AmeriCymru: Which brings us to From The Ashes How did you come to write it and how long have you been a Cardiff City fan?
Christian: I’ve been a Cardiff fan for about 25 years, I guess. The first game I ever went to was a 1-1 draw with Barnet when we were in the old fourth division. Every club has a lot of history, but the Bluebirds have more than most. We remain the only club to take the FA Cup out of England, and won the Welsh Cup that same year, making us the only club in history (as far as I could tell) to hold the national cups of two different countries simultaneously. That FA Cup was the first to be broadcast on live radio, and the Radio Times published a numbered grid to help listeners follow the game. That, allegedly, gave rise to the popular saying ‘back to square one.’
I started writing the book about ten years ago, using mainly the microfilm newspaper archives at Cardiff library. I got a publisher interested in the book, but they pulled out saying, basically, that the club wasn’t big enough to justify costs. After that I moved on to other things, and only when it looked like we might win promotion last season did I start offering it around. Luckily, Gwasg Carreg Gwalch expressed an interest so then it was a mad rush to bring the book up to date, which I managed in just a month or so. The hardest thing was sourcing the pictures. I contacted the club, who were no help at all, and ended up buying a load from Getty.
So far the book is doing very well!
AmeriCymru: OK I have to ask...can Cardiff City cut it in the Premier League and where do you think the Bluebirds will be in the League table at the end of the season?
Christian: Sure, I think we are more than capable of staying up. Malky Mackay has made a couple of great signings this summer. Both Gary Medel and Steven Caulker were wanted by much bigger clubs and ended up buying into the dream and moving to the CCS. There are much worse teams than us in the Premier League! I’m under no illusions, I don’t think we’ll qualify for Europe, but we won’t finish in the bottom three, either. Somewhere in-between, I’d say. After the move from Ninian Park, last season we turned CCS into a bit of a fortress. If we can continue that home form, and it’s looking good so far with that win against Man City and the draw against Everton, two of the better clubs in the league, we have every chance of staying up. The win against Man City, when we came from behind to win 3-2, gave the players, fans and the local media a massive confidence boost and hopefully we can build on that.
AmeriCymru: What''s next for Christian Saunders? Do you have any new publications planned?
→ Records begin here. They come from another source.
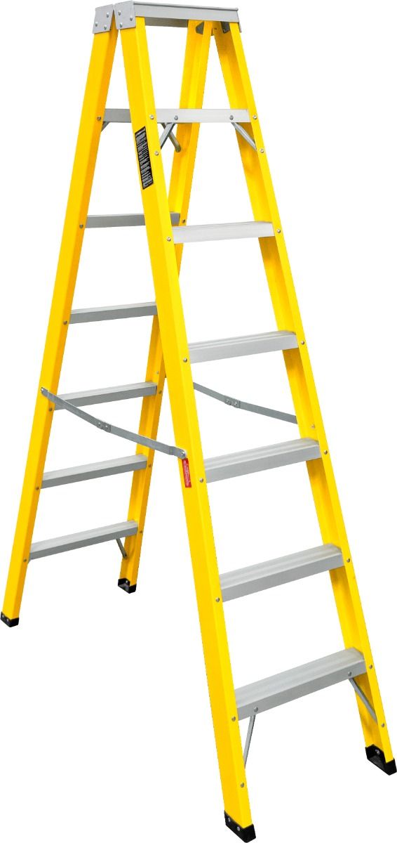 Possui longarinas não condutivas em perfil tipo “U” de fibra de vidro na cor amarela e degraus largos tipo plataforma, fabricados em alumínio com ranhuras antiderrapantes e fixados diretamente nos perfis por rebites. Conta com um limitador de abertura e 4 sapatas de borracha antiderrapantes.
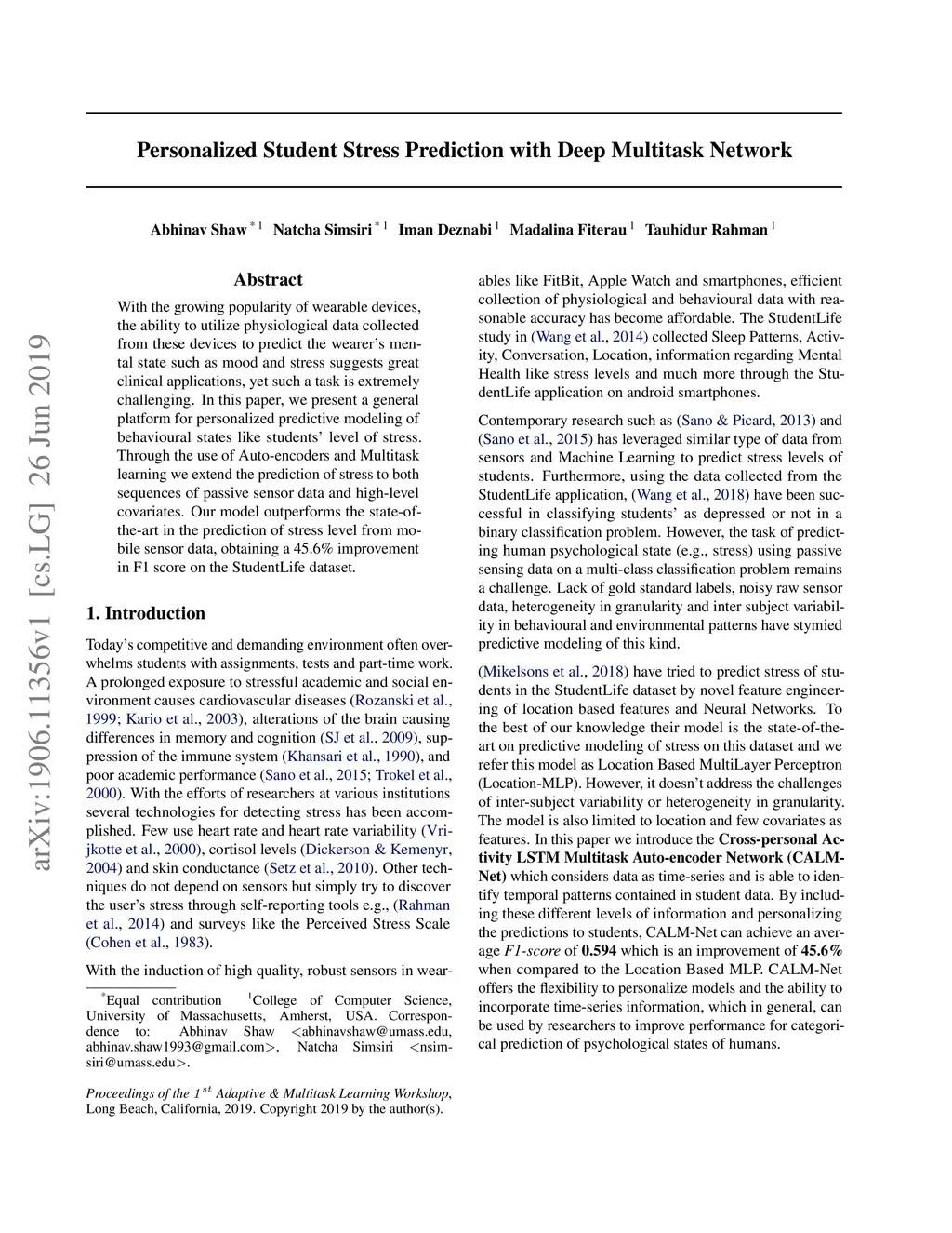 Personalized Student Stress Prediction with Deep Multitask Network
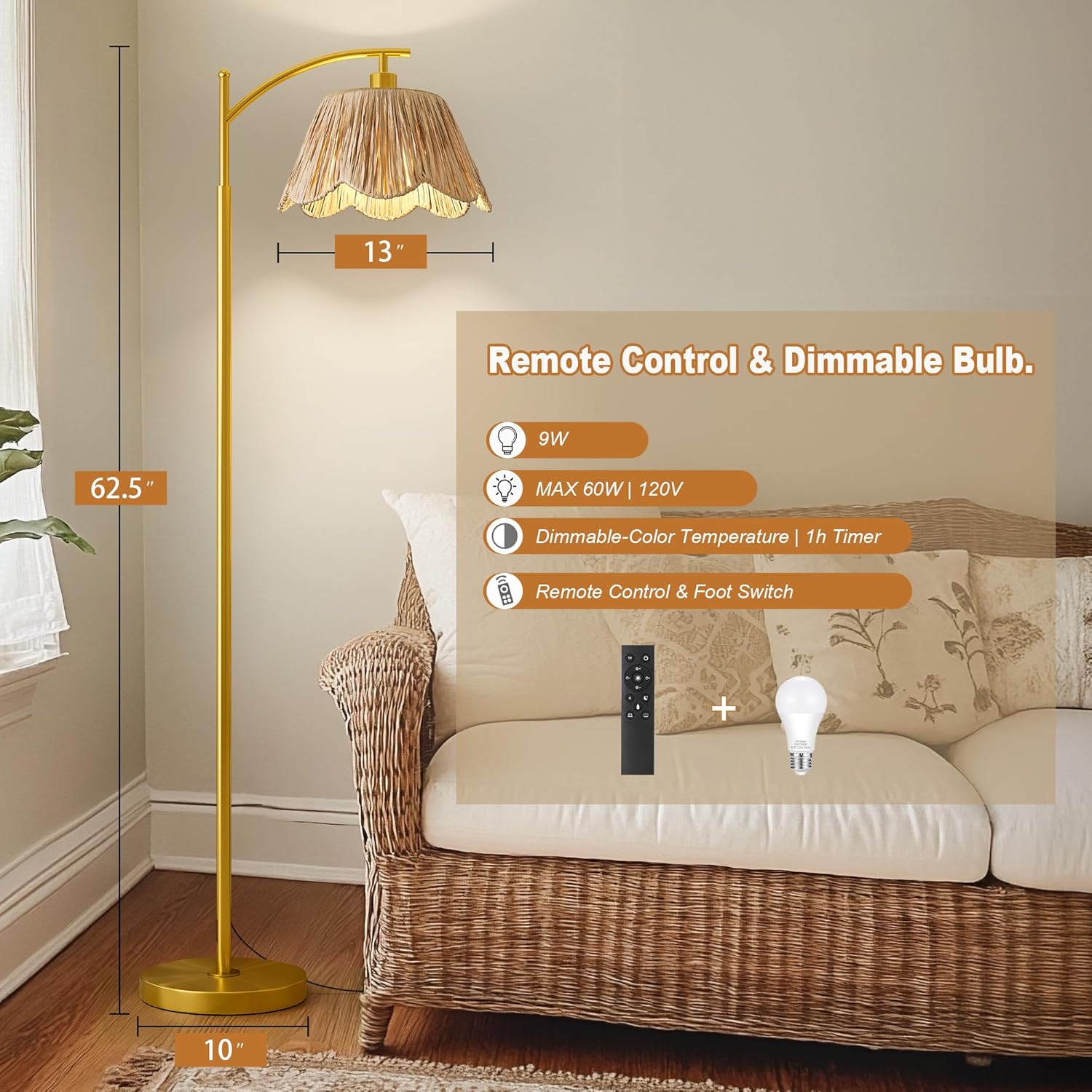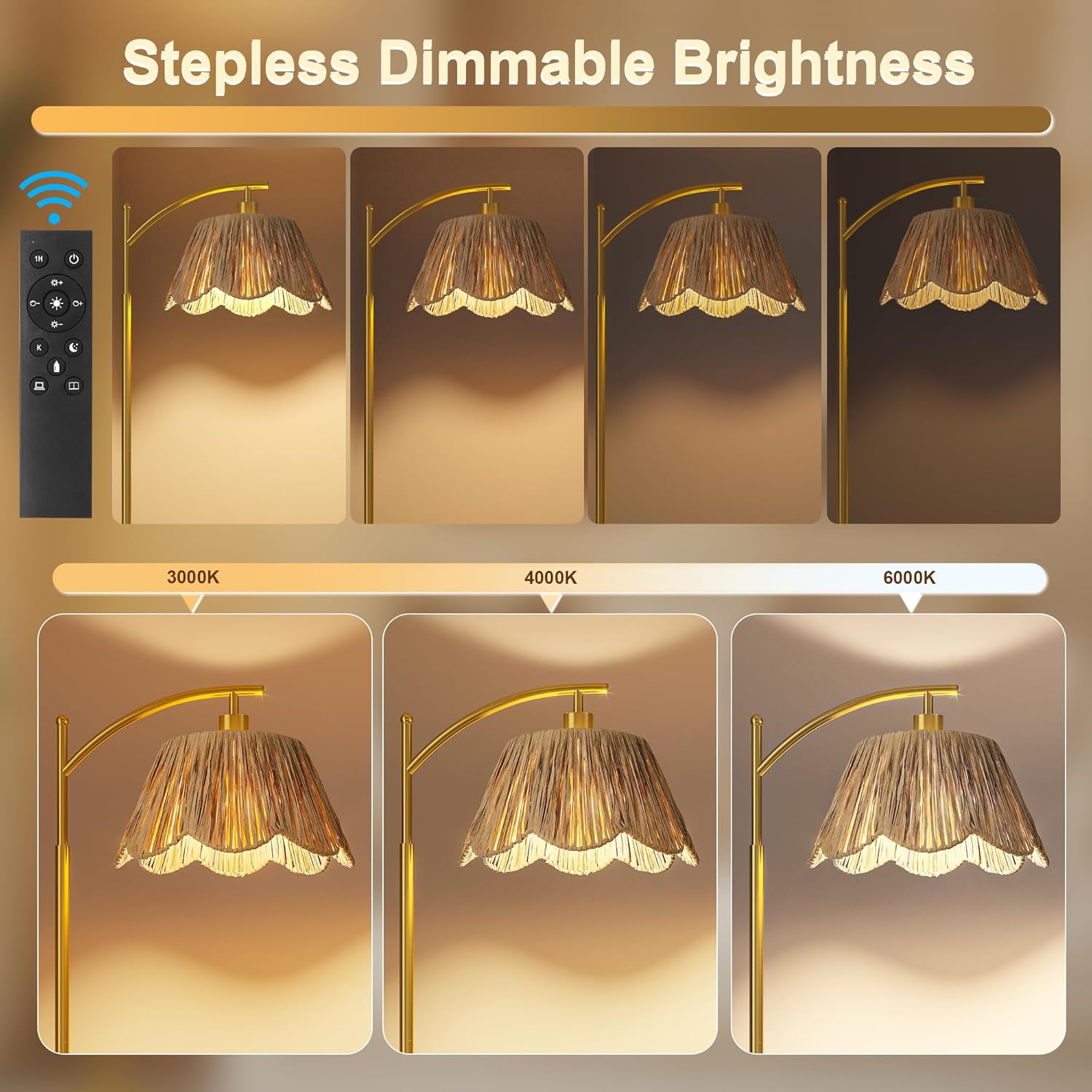 - 【Stepless Dimmable & 3 Color Temperatures】Saving your time to look for compatible bulbs, Our rattan floor lamp comes with an E26 smart bulb, which supports stepless brightness (1%-100%) and 3 color temperatures (3000K-6000K)and timer settings(1hour)as needed, This dimmable floor lamp also have pre-set modes offering various scenes such as: read, nursery, work and night light.The memory function can help you remember the last setting.
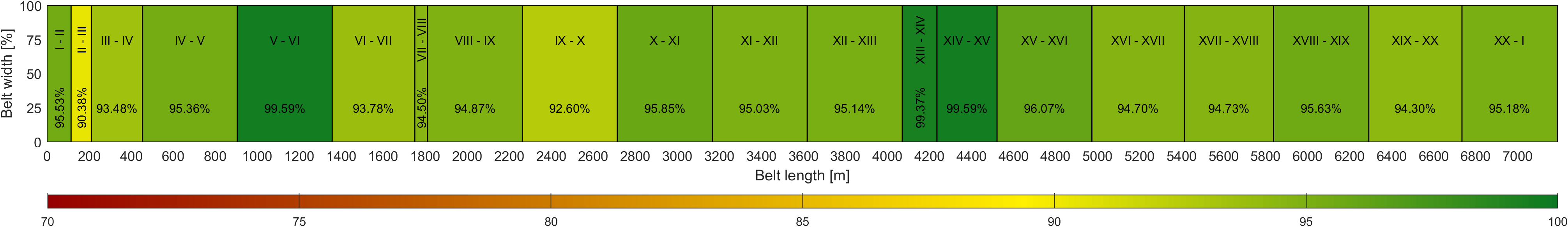 Kodowana kolorami mapa stanu technicznego taśmy stanowi narzędzie, które pozwala na podejmowanie decyzji związanych z utrzymaniem taśm w dobrym stanie technicznym.
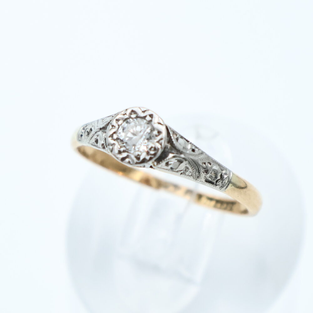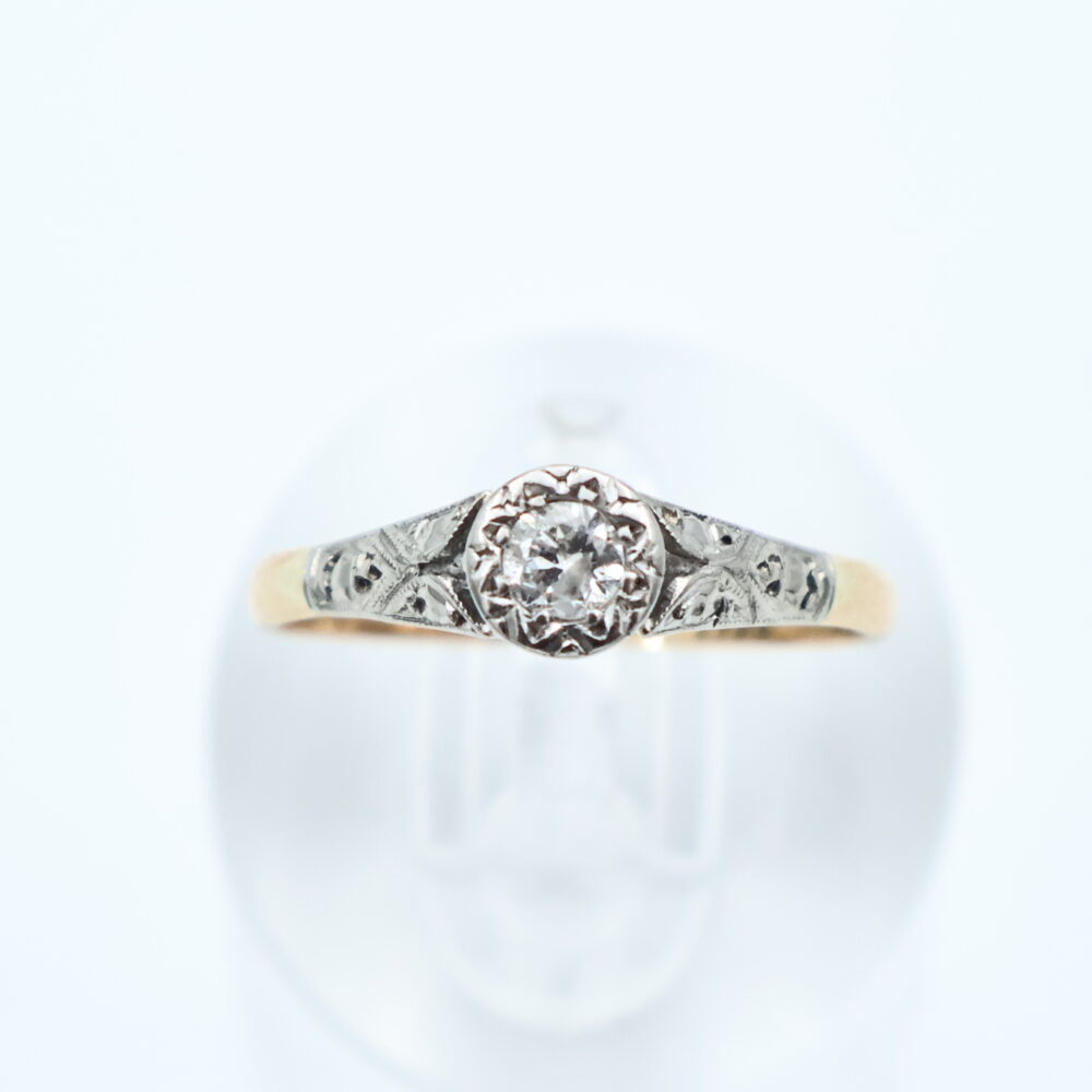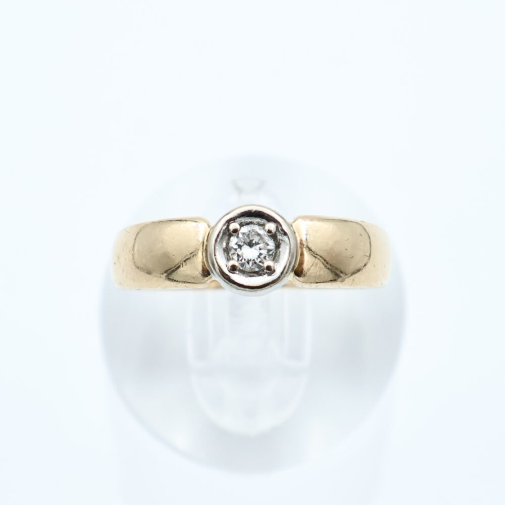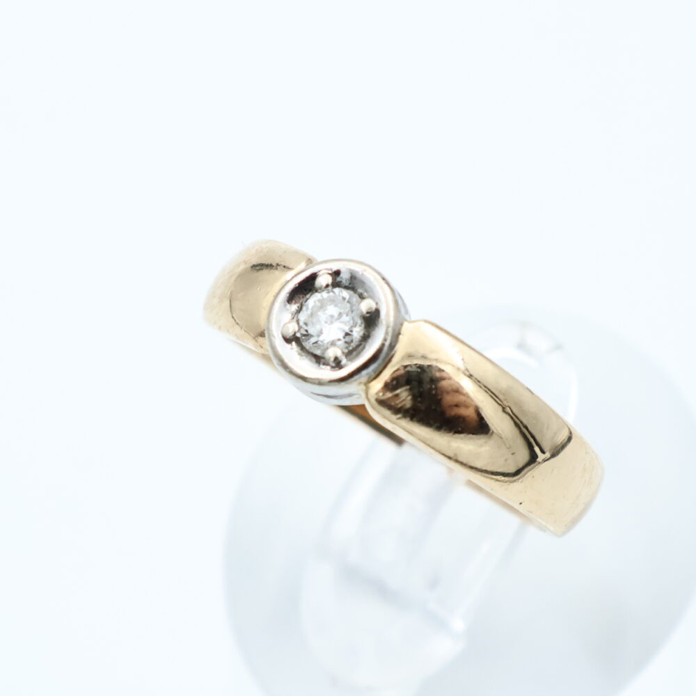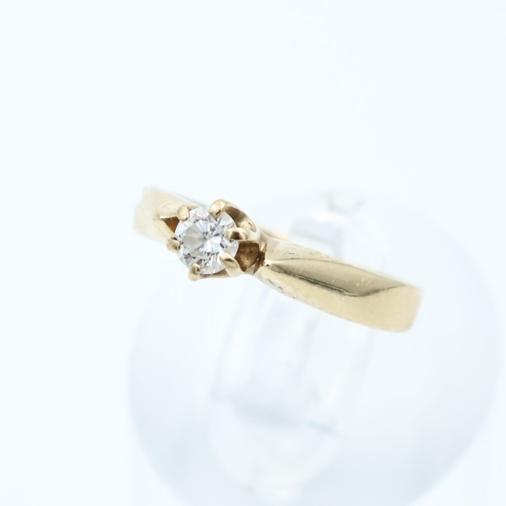 Ring i gult gull med diamant 14kt gull totalvekt 2.1 gram størrelse 50.5 estimert 0.20ct fordelt på 1 stk diamanter
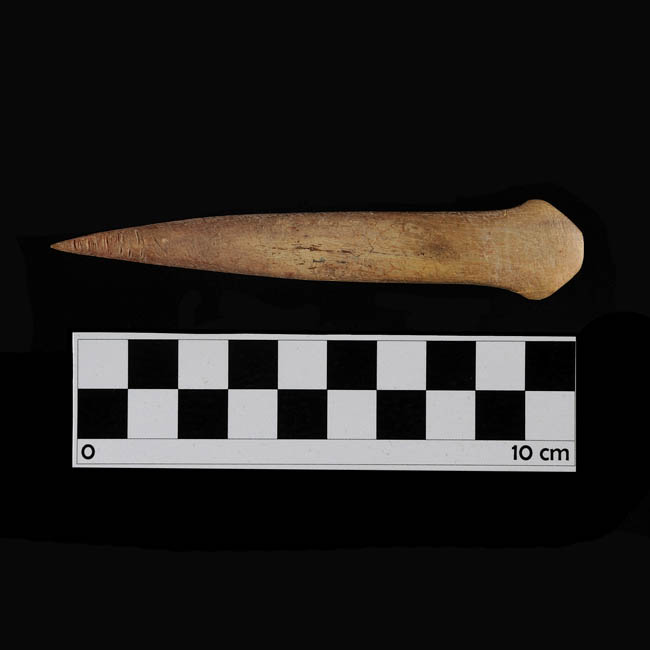 Objeto de forma alargada con uno de sus extremos aguzados y otro plano. De color marrón claro con manchas oscuras. Superficie pulida.

Christian: At the moment I’m working full time for Sports Direct magazine, so any new fiction will have to take a backseat for a while. Saying that, I’m always working on something, and I have lots of projects at various stages of development. I’ve decided to go independent with regards to fiction, and early next year I’m putting out an ebook compilation of short stories called X, most of which have been published before in various places. It’s all ready to go. If I don’t go through a publisher I’ll be able to sell the book a lot cheaper and hopefully reach a wider audience. I’m also re-writing my first book, Into the Dragon’s Lair – A Supernatural History of Wales, which will be reprinted by Gwasg Carreg Gwalch hopefully sometime next year. When that is done I’ve been thinking of doing a follow-up to Rainbow’s End, about a valley boy and his experiences of living and working in China!
AmeriCymru: Any final message for the readers and members of AmeriCymru?
Christian: You only have one life, so follow your dreams, do what makes you happy, and don’t let anyone hold you back!